Security Concepts
Introduction:
HAVP (HTTP AntiVirus proxy) is a proxy with an anti-virus filter. It does not cache or filter content. At the moment the complete traffic is scanned. The reason for this is the chance of malicious code in nearly every filetype e.g. HTML with JavaScript or JPEG. But writing a HTTP Anti Virus Proxy is a real dilemma! Huge downloads are a problem for virus scanning proxies. A Client should not receive data which is unchecked by the virus scanner, but big downloads should not timeout.

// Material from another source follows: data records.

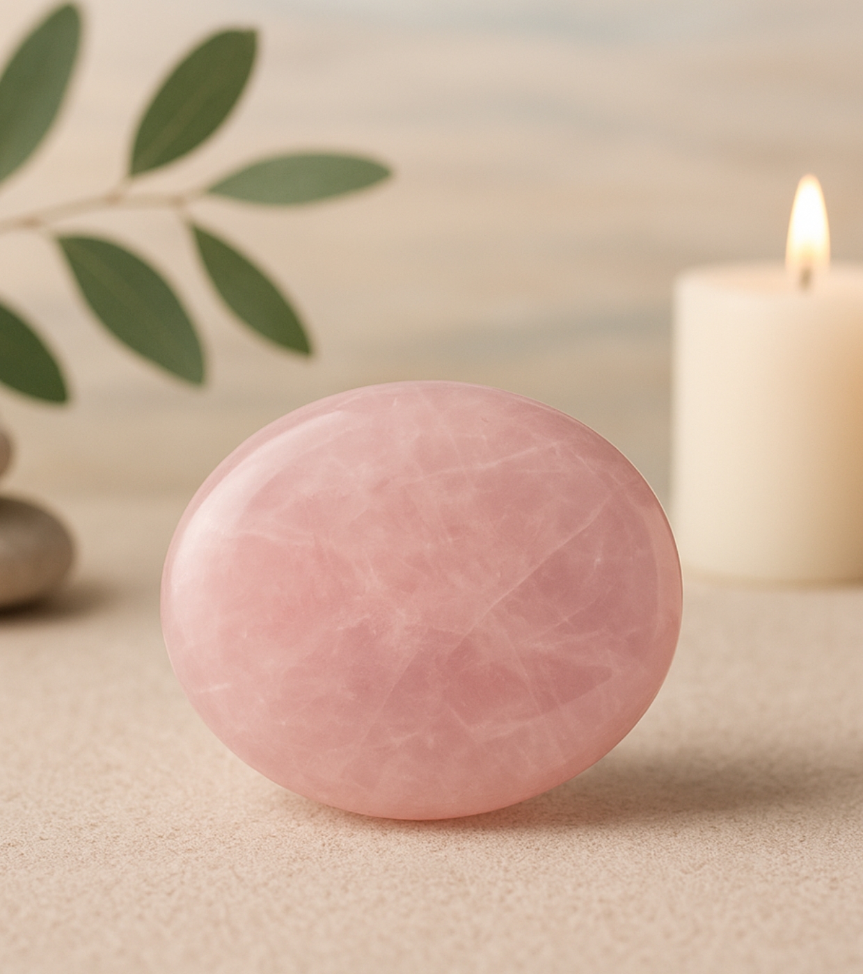 Il quarzo rosa è tradizionalmente associato all'amor proprio, alla pace interiore e alla calma emotiva, rendendo questa pietra un simbolo di cura di sé e di connessione personale.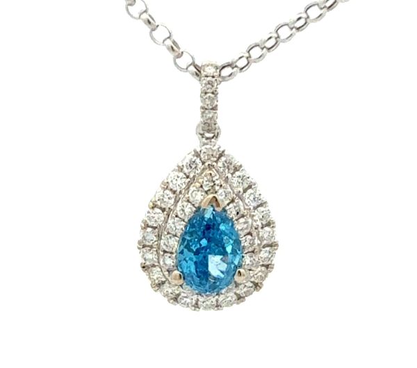 Style: STN1964 Blue Diamond Pendant 18K White Gold 29 Diamonds 0.32 Carat Center: 2 Blue Diamonds 0.80 Carat TW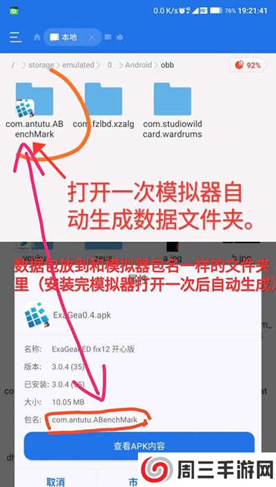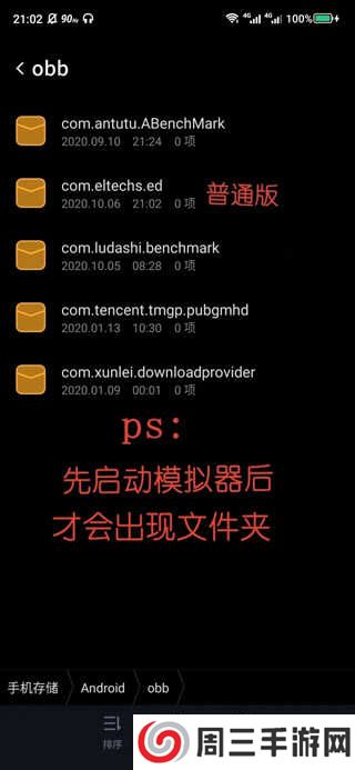 1、首先我们要下载好app和游戏数据包,并解压到图示“obb”文件夹里。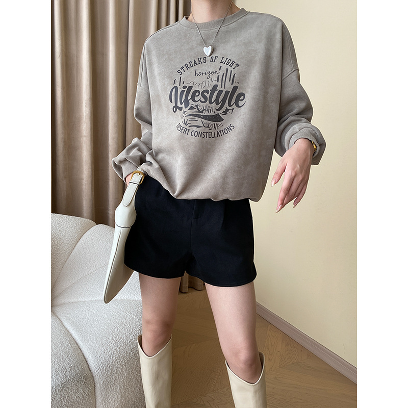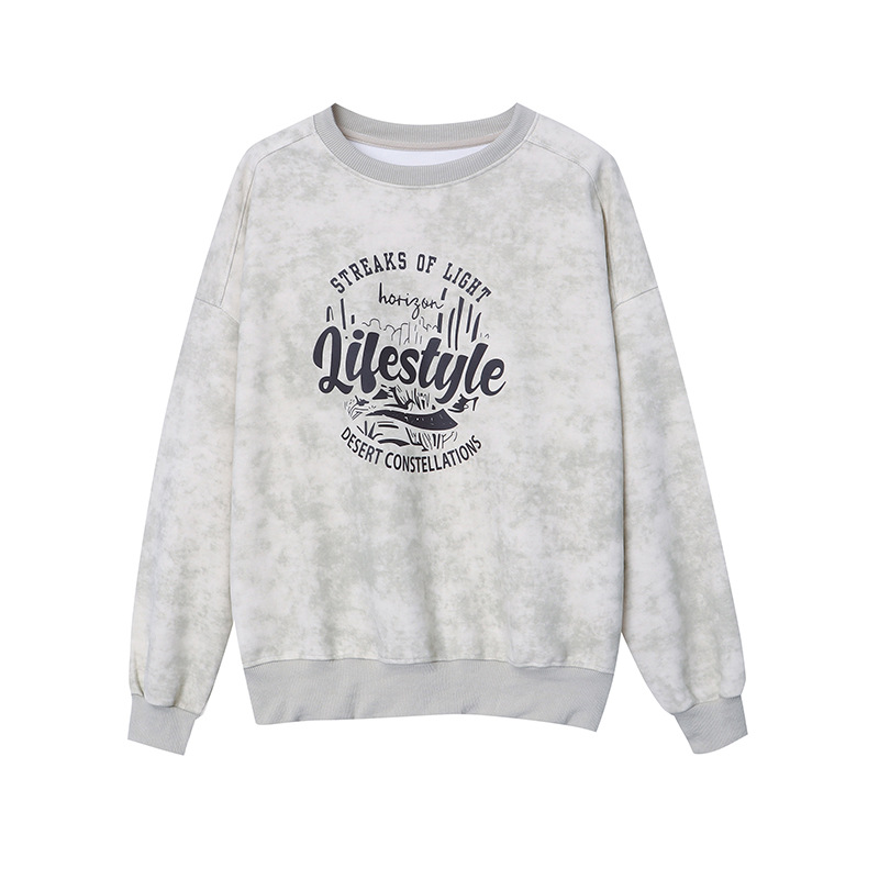 Sinan American Style Mottled Accent Casual Style Letter Printing Casual Round Neck Loose Shoulder Sweater SN4506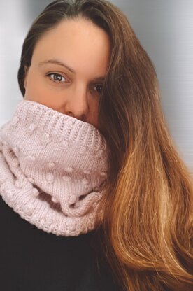 Yarn: The cowl in the picture has been knitted with Cascade 220 yarn in the color Soft Pink (4192). You can also use other aran weight yarn.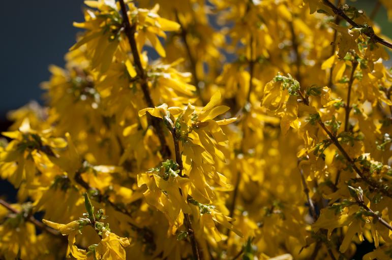 Keywords: forsythia gold lilac golden bells bush yellow flowers flowers yellow spring bloom garden nature plant close sunlight ornamental shrub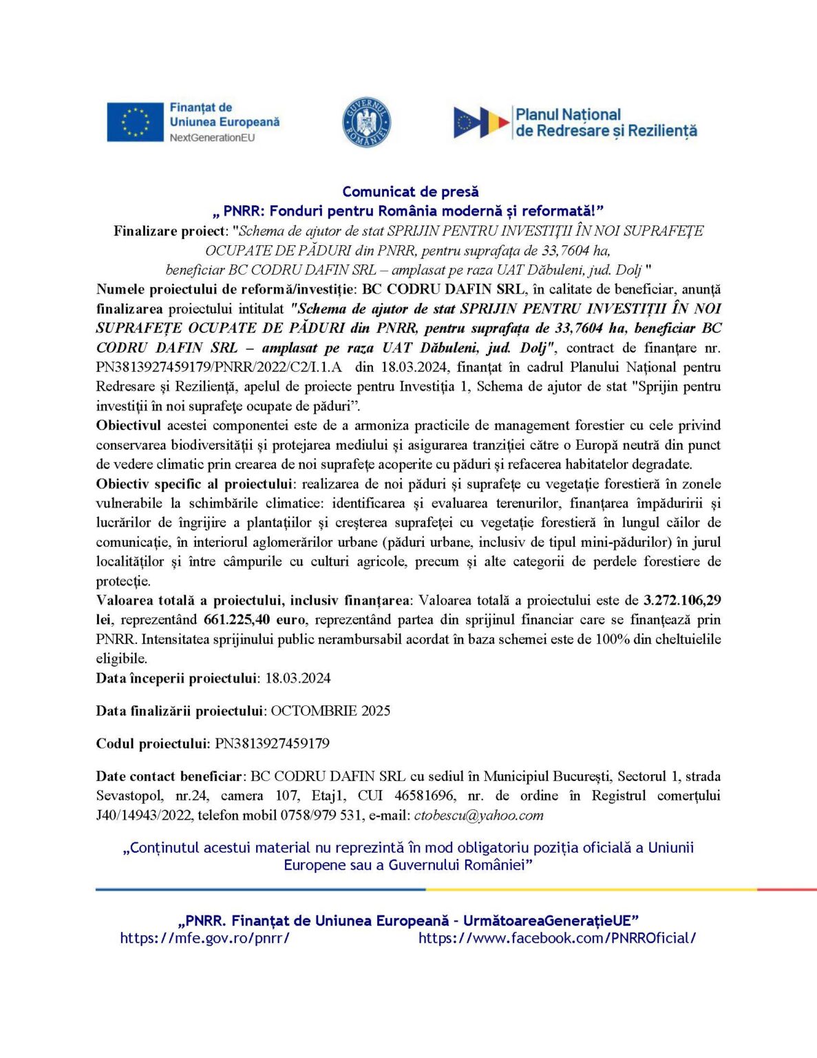 Numele proiectului de reformă/investiție: BC CODRU DAFIN SRL, în calitate de beneficiar, anunță finalizarea proiectului intitulat „Schema de ajutor de stat SPRIJIN PENTRU INVESTIȚII ÎN NOI SUPRAFEȚE OCUPATE DE PĂDURI din PNRR, pentru suprafața de 33,7604 ha, beneficiar BC CODRU DAFIN SRL – amplasat pe raza UAT Dăbuleni, jud. Dolj”, contract de finanțare nr. PN3813927459179/PNRR/2022/C2/I.1.A din 18.03.2024, finanțat în cadrul Planului Național pentru Redresare și Reziliență, apelul de proiecte pentru Investiția 1, Schema de ajutor de stat „Sprijin pentru investiții în noi suprafeţe ocupate de păduri”.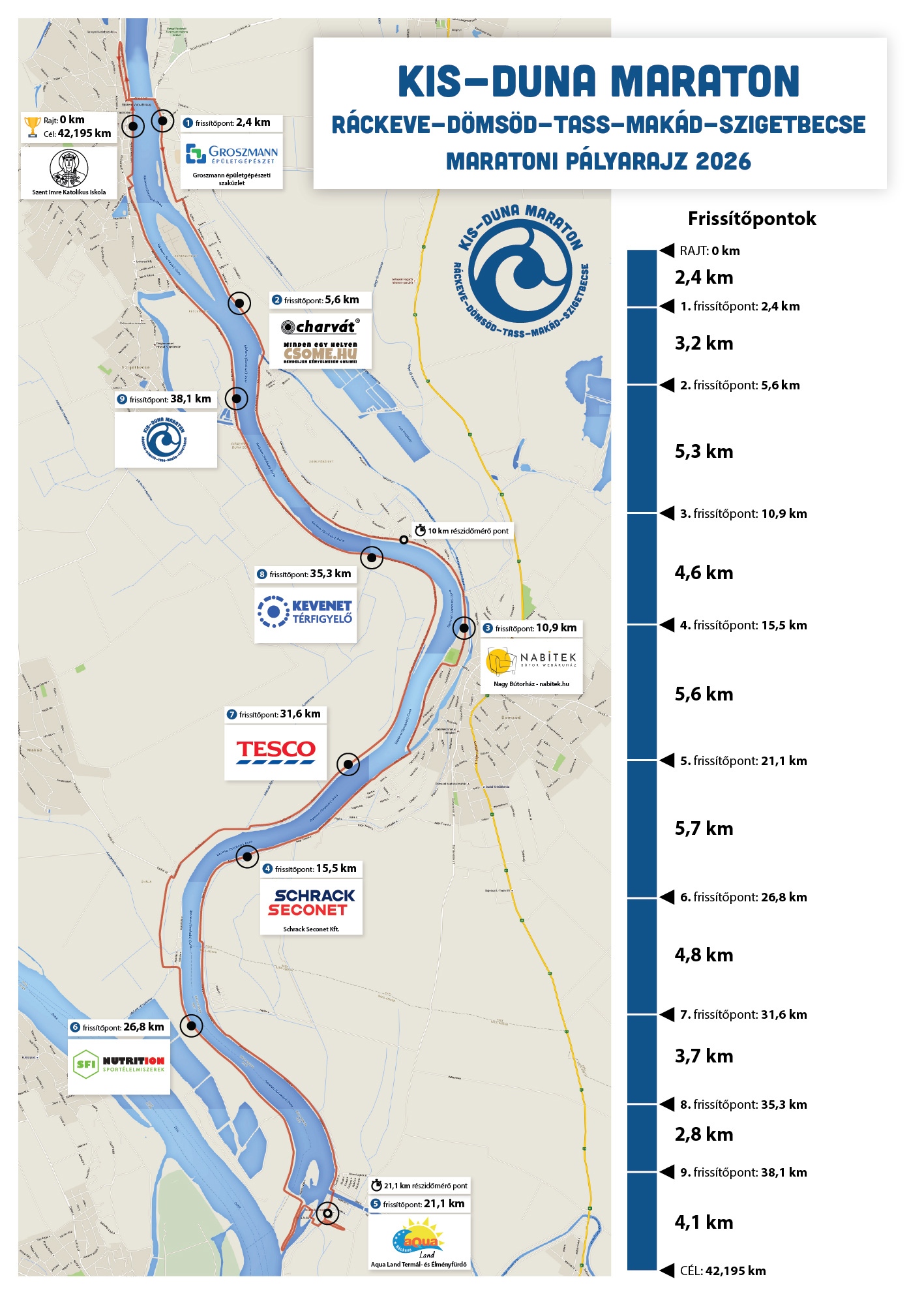 A maratoni pálya első szakasza megegyezik a rövidebb távokéval. A 42 kilométer viszont egy nagy kör lesz a Kis-Duna mentén. A Ráckeve belvárosi bevezető szakasz után a hídon átkelve dél felé fordul a mezőny. Végig a Duna parton elfutnak Dömsödig (itt fordul a félmaraton mezőnye) majd tovább egészen a Tassi-zsilipig. A zsilipen keskeny gyaloghíd vezet át. A zsilipen átkelve átfutunk az újjonnan épített vízerőmű fölött majd rögtön délre fordulunk és egy füves ösvényen kimegyünk egészen a Csepel-sziget csücskéig. A szigetcsúcsnál egy szobor a fordító. Itt rajtszám ellenőrzést is végzünk. Ugyanazon az ösvényen futunk vissza a vízerőmű felé, amin jöttünk. Visszatérve a gáthoz, a töltéskoronán északi irányba fordul a mezőny és elindul Ráckeve felé. Visszafelé végig a gát vonalát kell követni (rajta, vagy mellette). A cél megegyezik a rajt helyszínével csak a maratonon indulók dél felől, míg a rövidebb távon versenyzők északi irányból közelítik meg.

In 2005 I read and tested common techniques and did not like the idea of an intermediary info website for large download. So I decided to write my own proxy deamon for linux.
There is a nice anti virus solution for the Dansguardian content filter where I found some good ideas. Also I found some information at openantivirus and on proxies at tinyproxy and squid.
Design:
Havp writes data from a server in a temporary file and hard locks the end of a file. A second process begins scanning all written data. In the meantime, data is sent to the client after a configurable period. All Data? No, until the anti virus scan is complete, only some bytes are send in a configurable time interval. You can also define the size of data which is always held back until the scanning is complete. The HTTP Traffic (except the HTTP Header) is copyed to a temp file. The missing data in the temp file is hard locked. So the anti virus scanner can start scanning while the HTTP response is downloaded. With this method every anti virus software with an efficient API can be used.
Advantages:
Scanning starts simultaneous with download. Compressed files are a problem because they are only extracted during download.
Disadvantage:
If the scanning process is too slow and the file is larger than the defined “hold back data” you can still receive a virus! If the file contains a virus and the file is bigger than the “hold back data” the download will be cancelled with no warning.